About this task:
Reproduce the listing that follows, line for line.

─── Data for this task

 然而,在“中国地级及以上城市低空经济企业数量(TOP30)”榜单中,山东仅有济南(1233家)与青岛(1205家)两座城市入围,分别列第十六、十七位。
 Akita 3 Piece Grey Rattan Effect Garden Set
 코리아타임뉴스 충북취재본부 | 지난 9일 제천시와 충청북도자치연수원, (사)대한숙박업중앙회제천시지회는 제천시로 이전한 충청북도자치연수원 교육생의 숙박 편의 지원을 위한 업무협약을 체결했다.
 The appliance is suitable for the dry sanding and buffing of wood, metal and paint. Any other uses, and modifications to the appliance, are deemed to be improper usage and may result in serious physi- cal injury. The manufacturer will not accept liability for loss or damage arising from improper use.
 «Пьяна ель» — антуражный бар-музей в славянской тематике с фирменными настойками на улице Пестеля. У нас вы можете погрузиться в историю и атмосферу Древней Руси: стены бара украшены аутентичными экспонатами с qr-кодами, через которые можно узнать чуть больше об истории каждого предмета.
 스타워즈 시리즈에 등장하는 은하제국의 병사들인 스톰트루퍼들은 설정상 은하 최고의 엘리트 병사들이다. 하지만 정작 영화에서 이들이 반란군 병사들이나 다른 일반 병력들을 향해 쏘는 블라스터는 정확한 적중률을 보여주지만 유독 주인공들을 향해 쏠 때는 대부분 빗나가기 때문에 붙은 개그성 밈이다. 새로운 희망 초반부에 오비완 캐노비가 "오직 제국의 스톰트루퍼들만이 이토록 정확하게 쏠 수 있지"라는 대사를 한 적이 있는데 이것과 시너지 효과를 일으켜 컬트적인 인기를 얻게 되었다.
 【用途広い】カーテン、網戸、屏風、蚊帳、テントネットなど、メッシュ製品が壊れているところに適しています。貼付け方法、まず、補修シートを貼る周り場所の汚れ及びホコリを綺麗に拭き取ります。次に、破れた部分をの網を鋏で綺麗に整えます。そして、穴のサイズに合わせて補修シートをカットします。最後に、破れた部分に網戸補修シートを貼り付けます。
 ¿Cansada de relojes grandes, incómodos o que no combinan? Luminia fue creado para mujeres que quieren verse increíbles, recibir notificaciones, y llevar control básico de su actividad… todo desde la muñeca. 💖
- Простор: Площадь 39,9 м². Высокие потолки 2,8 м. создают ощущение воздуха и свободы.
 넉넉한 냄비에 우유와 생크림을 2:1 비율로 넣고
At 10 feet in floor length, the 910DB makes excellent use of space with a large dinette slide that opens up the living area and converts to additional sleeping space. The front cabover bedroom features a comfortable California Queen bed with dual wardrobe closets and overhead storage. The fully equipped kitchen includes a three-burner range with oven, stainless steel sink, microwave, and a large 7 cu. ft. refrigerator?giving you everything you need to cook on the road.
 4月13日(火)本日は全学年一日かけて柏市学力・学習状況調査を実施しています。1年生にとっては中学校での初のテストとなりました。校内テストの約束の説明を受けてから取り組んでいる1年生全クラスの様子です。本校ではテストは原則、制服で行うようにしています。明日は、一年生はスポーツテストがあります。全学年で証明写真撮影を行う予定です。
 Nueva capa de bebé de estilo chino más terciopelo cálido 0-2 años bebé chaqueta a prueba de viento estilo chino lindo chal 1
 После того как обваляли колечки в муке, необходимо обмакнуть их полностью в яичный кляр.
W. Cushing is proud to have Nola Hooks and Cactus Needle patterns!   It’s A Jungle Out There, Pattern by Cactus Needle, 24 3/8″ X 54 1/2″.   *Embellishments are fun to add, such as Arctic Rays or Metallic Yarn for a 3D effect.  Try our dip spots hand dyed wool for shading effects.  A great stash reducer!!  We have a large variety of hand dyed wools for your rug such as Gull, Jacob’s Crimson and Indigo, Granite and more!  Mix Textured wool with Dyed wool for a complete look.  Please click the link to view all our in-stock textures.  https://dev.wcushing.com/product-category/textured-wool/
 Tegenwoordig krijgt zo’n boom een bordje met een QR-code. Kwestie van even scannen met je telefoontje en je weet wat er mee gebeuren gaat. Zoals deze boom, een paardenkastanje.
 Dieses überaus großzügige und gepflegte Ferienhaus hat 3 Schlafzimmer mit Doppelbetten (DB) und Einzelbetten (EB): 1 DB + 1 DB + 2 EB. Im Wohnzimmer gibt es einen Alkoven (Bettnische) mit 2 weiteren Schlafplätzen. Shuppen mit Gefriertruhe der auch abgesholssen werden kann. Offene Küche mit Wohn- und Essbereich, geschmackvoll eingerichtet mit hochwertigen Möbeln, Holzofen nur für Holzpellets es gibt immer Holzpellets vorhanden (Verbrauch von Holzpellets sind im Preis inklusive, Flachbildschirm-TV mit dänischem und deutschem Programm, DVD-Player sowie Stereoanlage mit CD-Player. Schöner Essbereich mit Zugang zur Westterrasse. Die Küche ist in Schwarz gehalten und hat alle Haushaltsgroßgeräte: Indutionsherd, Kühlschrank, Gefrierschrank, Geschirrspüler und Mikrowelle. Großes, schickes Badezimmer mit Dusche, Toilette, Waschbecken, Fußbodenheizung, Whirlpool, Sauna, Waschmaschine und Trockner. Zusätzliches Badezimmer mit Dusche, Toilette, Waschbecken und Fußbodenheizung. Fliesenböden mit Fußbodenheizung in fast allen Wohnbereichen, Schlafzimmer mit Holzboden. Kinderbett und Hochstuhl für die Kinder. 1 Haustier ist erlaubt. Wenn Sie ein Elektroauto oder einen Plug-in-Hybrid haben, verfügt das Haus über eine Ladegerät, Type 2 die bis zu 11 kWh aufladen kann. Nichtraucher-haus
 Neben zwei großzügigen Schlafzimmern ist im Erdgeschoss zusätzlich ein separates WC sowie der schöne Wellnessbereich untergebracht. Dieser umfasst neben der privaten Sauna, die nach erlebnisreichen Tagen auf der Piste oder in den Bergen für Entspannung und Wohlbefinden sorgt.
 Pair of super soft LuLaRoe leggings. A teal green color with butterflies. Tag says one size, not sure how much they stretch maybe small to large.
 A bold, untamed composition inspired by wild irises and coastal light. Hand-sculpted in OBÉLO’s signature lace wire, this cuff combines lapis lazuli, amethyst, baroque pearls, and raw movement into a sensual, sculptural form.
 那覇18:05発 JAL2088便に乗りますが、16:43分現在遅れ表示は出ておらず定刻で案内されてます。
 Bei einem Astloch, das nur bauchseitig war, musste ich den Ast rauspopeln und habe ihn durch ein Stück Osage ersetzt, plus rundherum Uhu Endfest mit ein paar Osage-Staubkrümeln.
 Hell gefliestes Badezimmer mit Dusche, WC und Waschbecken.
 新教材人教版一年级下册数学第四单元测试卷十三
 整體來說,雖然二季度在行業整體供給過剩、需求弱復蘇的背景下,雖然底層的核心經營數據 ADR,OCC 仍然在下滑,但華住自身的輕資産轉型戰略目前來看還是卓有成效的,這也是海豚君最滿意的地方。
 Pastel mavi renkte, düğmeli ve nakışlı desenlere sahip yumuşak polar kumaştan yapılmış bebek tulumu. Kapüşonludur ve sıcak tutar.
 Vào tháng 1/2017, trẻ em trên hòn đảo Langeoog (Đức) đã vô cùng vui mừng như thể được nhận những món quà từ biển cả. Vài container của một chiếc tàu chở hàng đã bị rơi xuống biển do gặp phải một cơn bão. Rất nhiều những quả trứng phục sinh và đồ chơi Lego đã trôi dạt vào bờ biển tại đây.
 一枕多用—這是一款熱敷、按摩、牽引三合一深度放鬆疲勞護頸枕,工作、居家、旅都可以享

──────

Answer section:
 然而,在“中国地级及以上城市低空经济企业数量(TOP30)”榜单中,山东仅有济南(1233家)与青岛(1205家)两座城市入围,分别列第十六、十七位。
 Akita 3 Piece Grey Rattan Effect Garden Set
 코리아타임뉴스 충북취재본부 | 지난 9일 제천시와 충청북도자치연수원, (사)대한숙박업중앙회제천시지회는 제천시로 이전한 충청북도자치연수원 교육생의 숙박 편의 지원을 위한 업무협약을 체결했다.
 The appliance is suitable for the dry sanding and buffing of wood, metal and paint. Any other uses, and modifications to the appliance, are deemed to be improper usage and may result in serious physi- cal injury. The manufacturer will not accept liability for loss or damage arising from improper use.
 «Пьяна ель» — антуражный бар-музей в славянской тематике с фирменными настойками на улице Пестеля. У нас вы можете погрузиться в историю и атмосферу Древней Руси: стены бара украшены аутентичными экспонатами с qr-кодами, через которые можно узнать чуть больше об истории каждого предмета.
 스타워즈 시리즈에 등장하는 은하제국의 병사들인 스톰트루퍼들은 설정상 은하 최고의 엘리트 병사들이다. 하지만 정작 영화에서 이들이 반란군 병사들이나 다른 일반 병력들을 향해 쏘는 블라스터는 정확한 적중률을 보여주지만 유독 주인공들을 향해 쏠 때는 대부분 빗나가기 때문에 붙은 개그성 밈이다. 새로운 희망 초반부에 오비완 캐노비가 "오직 제국의 스톰트루퍼들만이 이토록 정확하게 쏠 수 있지"라는 대사를 한 적이 있는데 이것과 시너지 효과를 일으켜 컬트적인 인기를 얻게 되었다.
 【用途広い】カーテン、網戸、屏風、蚊帳、テントネットなど、メッシュ製品が壊れているところに適しています。貼付け方法、まず、補修シートを貼る周り場所の汚れ及びホコリを綺麗に拭き取ります。次に、破れた部分をの網を鋏で綺麗に整えます。そして、穴のサイズに合わせて補修シートをカットします。最後に、破れた部分に網戸補修シートを貼り付けます。
 ¿Cansada de relojes grandes, incómodos o que no combinan? Luminia fue creado para mujeres que quieren verse increíbles, recibir notificaciones, y llevar control básico de su actividad… todo desde la muñeca. 💖
- Простор: Площадь 39,9 м². Высокие потолки 2,8 м. создают ощущение воздуха и свободы.
 넉넉한 냄비에 우유와 생크림을 2:1 비율로 넣고
At 10 feet in floor length, the 910DB makes excellent use of space with a large dinette slide that opens up the living area and converts to additional sleeping space. The front cabover bedroom features a comfortable California Queen bed with dual wardrobe closets and overhead storage. The fully equipped kitchen includes a three-burner range with oven, stainless steel sink, microwave, and a large 7 cu. ft. refrigerator?giving you everything you need to cook on the road.
 4月13日(火)本日は全学年一日かけて柏市学力・学習状況調査を実施しています。1年生にとっては中学校での初のテストとなりました。校内テストの約束の説明を受けてから取り組んでいる1年生全クラスの様子です。本校ではテストは原則、制服で行うようにしています。明日は、一年生はスポーツテストがあります。全学年で証明写真撮影を行う予定です。
 Nueva capa de bebé de estilo chino más terciopelo cálido 0-2 años bebé chaqueta a prueba de viento estilo chino lindo chal 1
 После того как обваляли колечки в муке, необходимо обмакнуть их полностью в яичный кляр.
W. Cushing is proud to have Nola Hooks and Cactus Needle patterns!   It’s A Jungle Out There, Pattern by Cactus Needle, 24 3/8″ X 54 1/2″.   *Embellishments are fun to add, such as Arctic Rays or Metallic Yarn for a 3D effect.  Try our dip spots hand dyed wool for shading effects.  A great stash reducer!!  We have a large variety of hand dyed wools for your rug such as Gull, Jacob’s Crimson and Indigo, Granite and more!  Mix Textured wool with Dyed wool for a complete look.  Please click the link to view all our in-stock textures.  https://dev.wcushing.com/product-category/textured-wool/
 Tegenwoordig krijgt zo’n boom een bordje met een QR-code. Kwestie van even scannen met je telefoontje en je weet wat er mee gebeuren gaat. Zoals deze boom, een paardenkastanje.
 Dieses überaus großzügige und gepflegte Ferienhaus hat 3 Schlafzimmer mit Doppelbetten (DB) und Einzelbetten (EB): 1 DB + 1 DB + 2 EB. Im Wohnzimmer gibt es einen Alkoven (Bettnische) mit 2 weiteren Schlafplätzen. Shuppen mit Gefriertruhe der auch abgesholssen werden kann. Offene Küche mit Wohn- und Essbereich, geschmackvoll eingerichtet mit hochwertigen Möbeln, Holzofen nur für Holzpellets es gibt immer Holzpellets vorhanden (Verbrauch von Holzpellets sind im Preis inklusive, Flachbildschirm-TV mit dänischem und deutschem Programm, DVD-Player sowie Stereoanlage mit CD-Player. Schöner Essbereich mit Zugang zur Westterrasse. Die Küche ist in Schwarz gehalten und hat alle Haushaltsgroßgeräte: Indutionsherd, Kühlschrank, Gefrierschrank, Geschirrspüler und Mikrowelle. Großes, schickes Badezimmer mit Dusche, Toilette, Waschbecken, Fußbodenheizung, Whirlpool, Sauna, Waschmaschine und Trockner. Zusätzliches Badezimmer mit Dusche, Toilette, Waschbecken und Fußbodenheizung. Fliesenböden mit Fußbodenheizung in fast allen Wohnbereichen, Schlafzimmer mit Holzboden. Kinderbett und Hochstuhl für die Kinder. 1 Haustier ist erlaubt. Wenn Sie ein Elektroauto oder einen Plug-in-Hybrid haben, verfügt das Haus über eine Ladegerät, Type 2 die bis zu 11 kWh aufladen kann. Nichtraucher-haus
 Neben zwei großzügigen Schlafzimmern ist im Erdgeschoss zusätzlich ein separates WC sowie der schöne Wellnessbereich untergebracht. Dieser umfasst neben der privaten Sauna, die nach erlebnisreichen Tagen auf der Piste oder in den Bergen für Entspannung und Wohlbefinden sorgt.
 Pair of super soft LuLaRoe leggings. A teal green color with butterflies. Tag says one size, not sure how much they stretch maybe small to large.
 A bold, untamed composition inspired by wild irises and coastal light. Hand-sculpted in OBÉLO’s signature lace wire, this cuff combines lapis lazuli, amethyst, baroque pearls, and raw movement into a sensual, sculptural form.
 那覇18:05発 JAL2088便に乗りますが、16:43分現在遅れ表示は出ておらず定刻で案内されてます。
 Bei einem Astloch, das nur bauchseitig war, musste ich den Ast rauspopeln und habe ihn durch ein Stück Osage ersetzt, plus rundherum Uhu Endfest mit ein paar Osage-Staubkrümeln.
 Hell gefliestes Badezimmer mit Dusche, WC und Waschbecken.
 新教材人教版一年级下册数学第四单元测试卷十三
 整體來說,雖然二季度在行業整體供給過剩、需求弱復蘇的背景下,雖然底層的核心經營數據 ADR,OCC 仍然在下滑,但華住自身的輕資産轉型戰略目前來看還是卓有成效的,這也是海豚君最滿意的地方。
 Pastel mavi renkte, düğmeli ve nakışlı desenlere sahip yumuşak polar kumaştan yapılmış bebek tulumu. Kapüşonludur ve sıcak tutar.
 Vào tháng 1/2017, trẻ em trên hòn đảo Langeoog (Đức) đã vô cùng vui mừng như thể được nhận những món quà từ biển cả. Vài container của một chiếc tàu chở hàng đã bị rơi xuống biển do gặp phải một cơn bão. Rất nhiều những quả trứng phục sinh và đồ chơi Lego đã trôi dạt vào bờ biển tại đây.
 一枕多用—這是一款熱敷、按摩、牽引三合一深度放鬆疲勞護頸枕,工作、居家、旅都可以享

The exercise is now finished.